PROBLEM: Given the records underneath, please repeat exactly the lines from the line with "विधायक कृष्णा पासवान।" through the line with "The event titled", passing over any picture.

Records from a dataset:
******

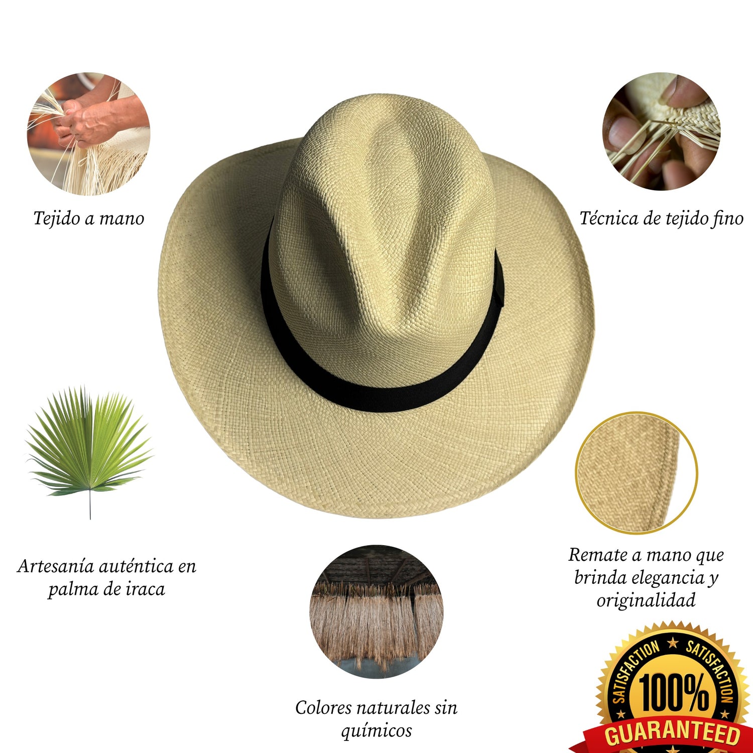👒 Hecho a mano con fibras naturales — Cada pieza está tejida con paja toquilla
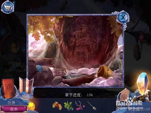 对面的大树下在枯枝里面找到制烟器部件1,树干上描绘的是佩伦的画像,用坏了的箭取下左边夹住的雪花锁。
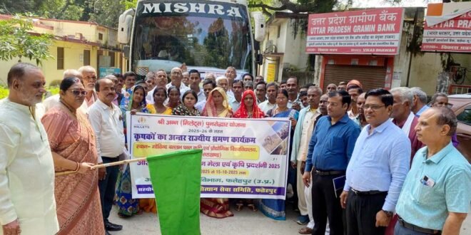 – किसानों के दल को हरी झण्डी दिखाकर रवाना करतीं विधायक कृष्णा पासवान।
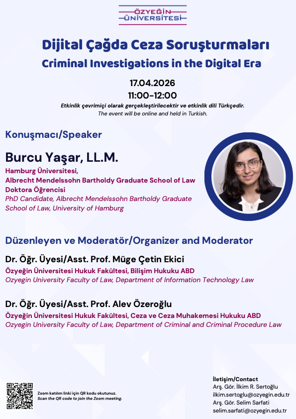 The event titled ''Criminal Investigations in the Digital Era'', organized by the Faculty of Law of Özyeğin University, will be held online via Zoom on Monday, December 1, 2025, between 11:00 a.m. and 12:00 p.m.
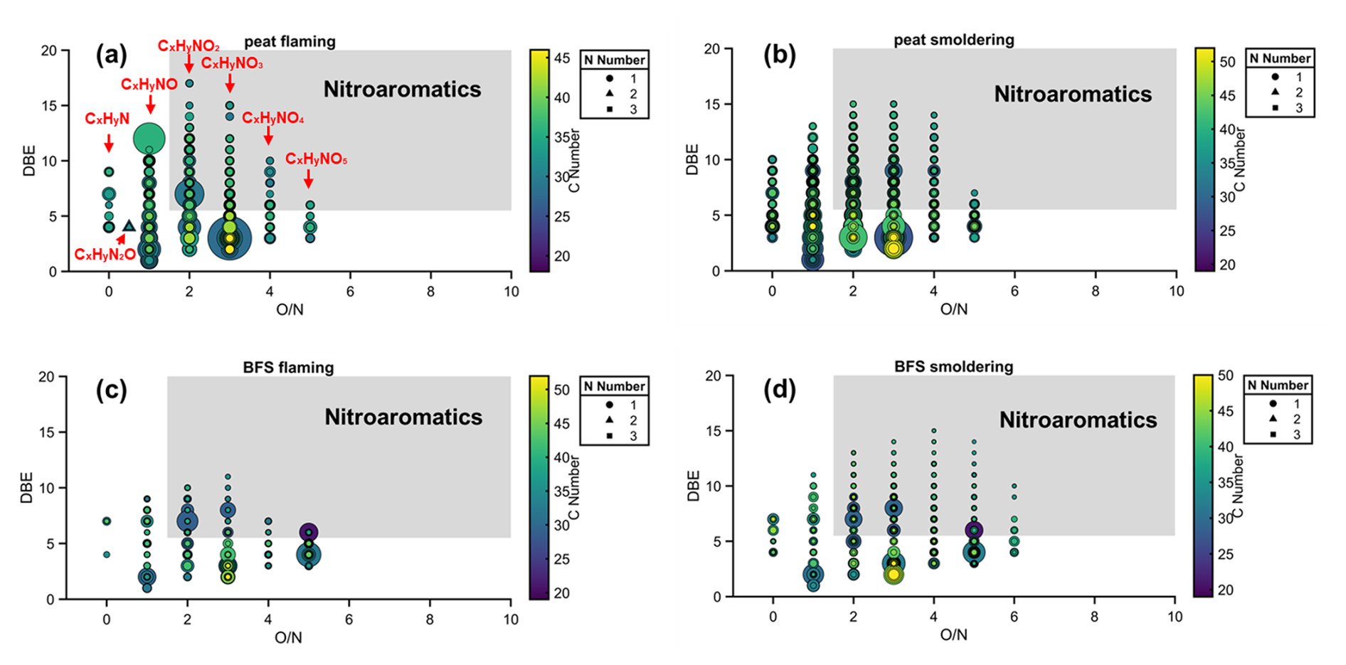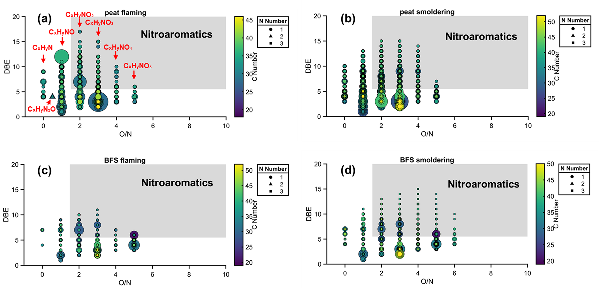On the other hand, the BFS smouldering and flaming emissions exhibited chemically similar compounds, with nearly 1900 identified molecular formulae shared among all the analysed BFS samples. Almost none of the molecular formulae were unique to BFS smouldering or flaming samples, as the variability among replicates themselves was high. This indicates that although different combustion conditions of BFS strongly influence the OC emission factor, it does not lead to prominent chemical differences in POA. Similar to CP, BFS emissions were also dominated by CHO, CHNO and CH classes, although a much lower fraction of CHN was present in the BFS smouldering emission compared to CP. Furthermore, a more detailed inspection of the identified formulae of the nitrogen-containing molecules in the fresh CP and BFS emissions reveals that they mostly belonged to the CHNO class, contained one nitrogen substitution, and consisted of both aliphatic and aromatic nitro-organic compounds (Fig. 4). Specifically, nitroaromatics were more abundant in the peat samples, which is relevant, as nitroaromatics are known to be prominent BrC chromophores absorbing light in the wavelength range of 360–600 nm (Fleming et al., 2020).
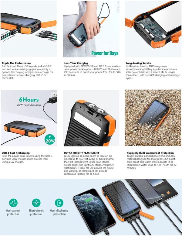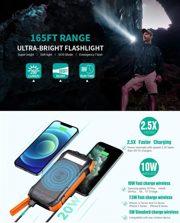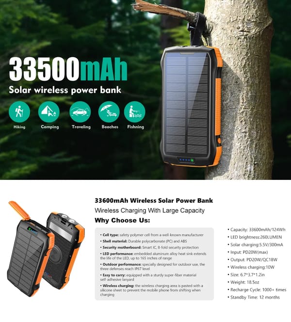 Portable Charger, Solar Power Bank 33500mAh Fast Charging, Solar Battery Pack with Waterproof 6W Bright Flashlight for iPhone Samsung Tablet
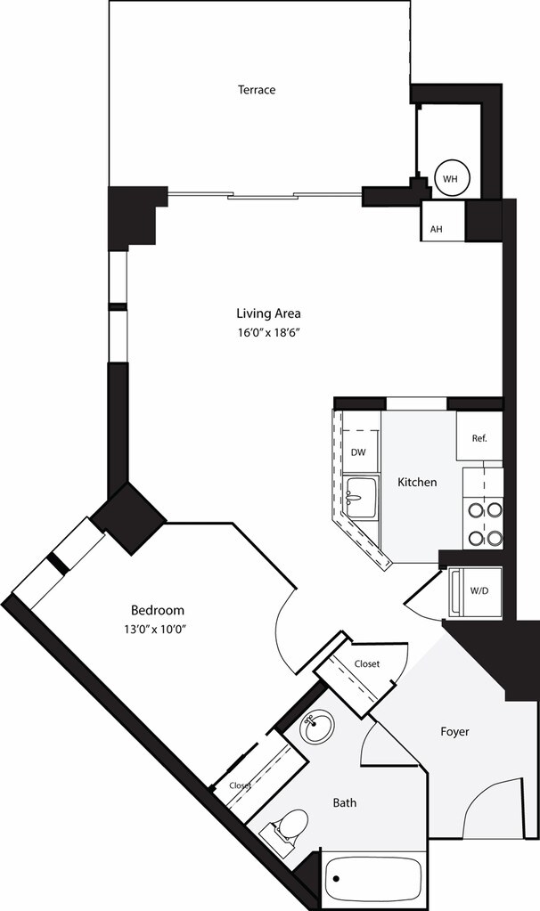 Modelo de apartamento: 1 Bedroom FLlame para Precios1 Dormitorio, 1 Baño, 693 sq ftNo Disponible1 Bedroom F - Plano 1 1 Bedroom F no Terrace
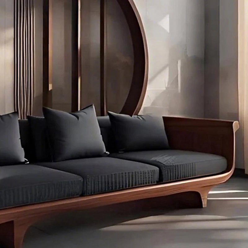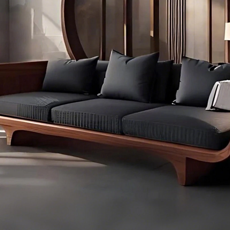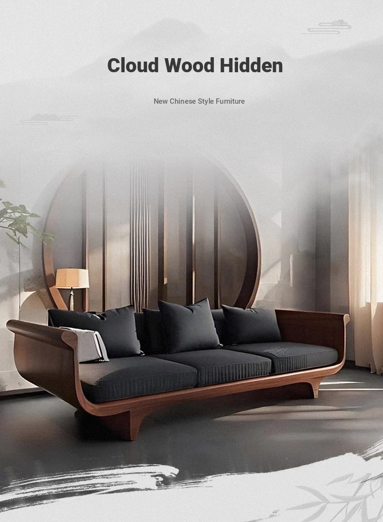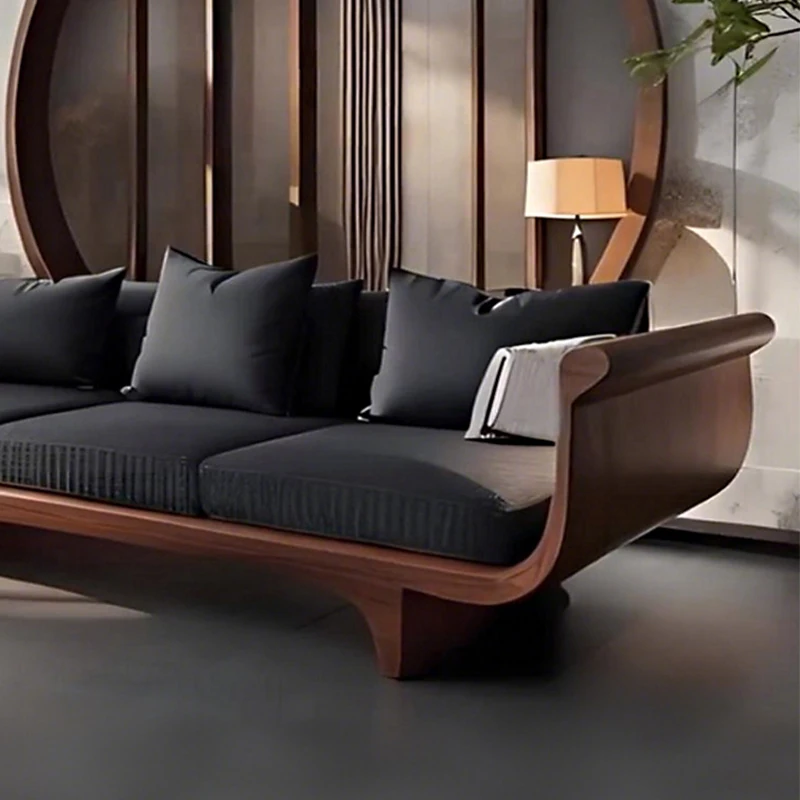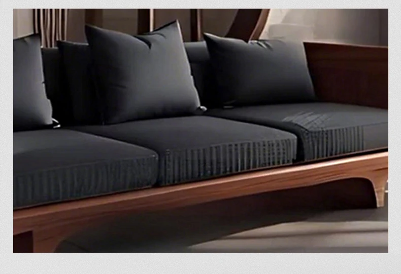 2025 New High-End Solid Wood Sofa in Modern Chinese Style – Elegant Black Walnut Zen Living Room Sofa with Genuine Leather, Three-Seater for Home Use
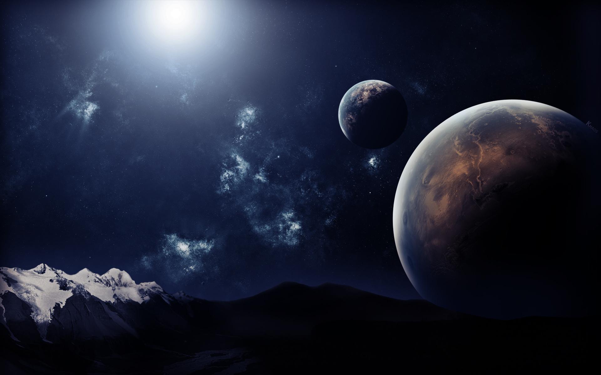 Wallpaper Planet over the mountains
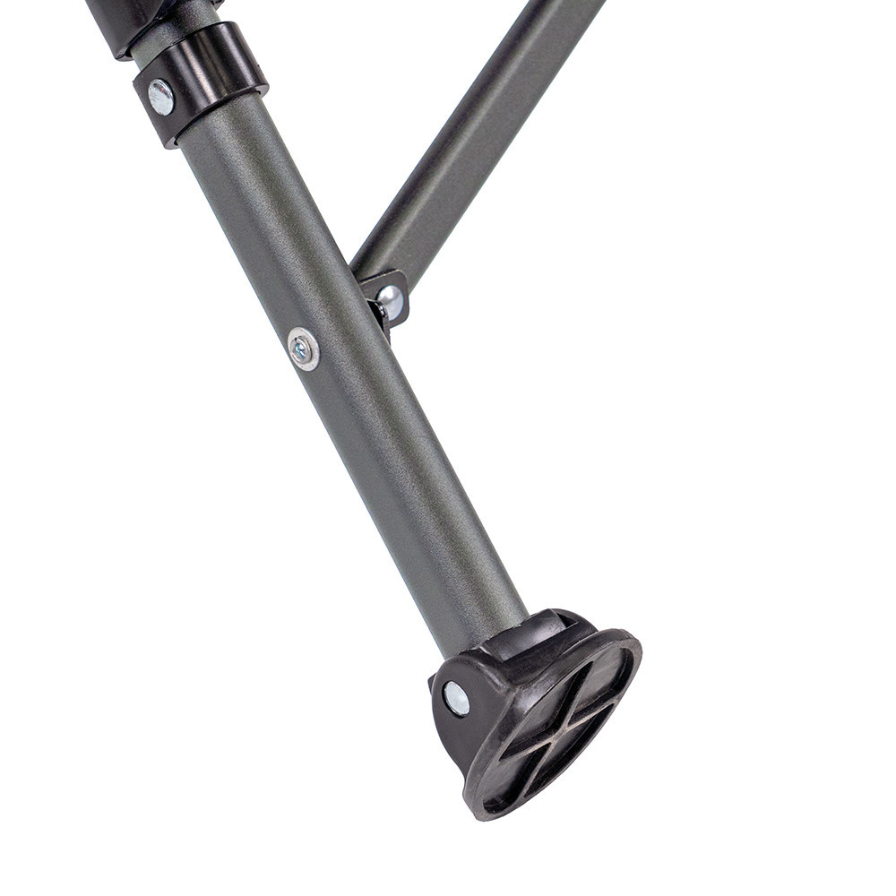 - Stabilitás minden talajon – a porszórt acélcső váz és a csúszásgátló lábvégek együtt masszív támaszt nyújtanak a stég mellett, parton vagy akár kavicsos terepen.
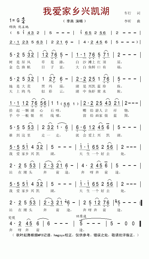 >> 我爱家乡兴凯湖-李燕(简谱)
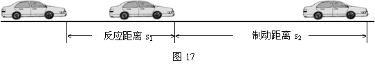 33、汽车追尾是高速公路上常发生的交通事故,其重要原因是遇到意外情况时不能立即停车。研究发现,司机从看到情况到踩刹车需要一段时间,这段时间叫反应时间;在反应时间内汽车要保持原速前进一段距离,这段距离叫反应距离;从踩刹车到车停止,汽车还要前进一段距离,这段距离叫制动距离。如图17所示。

******

TASK SOLUTION:
 – किसानों के दल को हरी झण्डी दिखाकर रवाना करतीं विधायक कृष्णा पासवान।
 The event titled ''Criminal Investigations in the Digital Era'', organized by the Faculty of Law of Özyeğin University, will be held online via Zoom on Monday, December 1, 2025, between 11:00 a.m. and 12:00 p.m.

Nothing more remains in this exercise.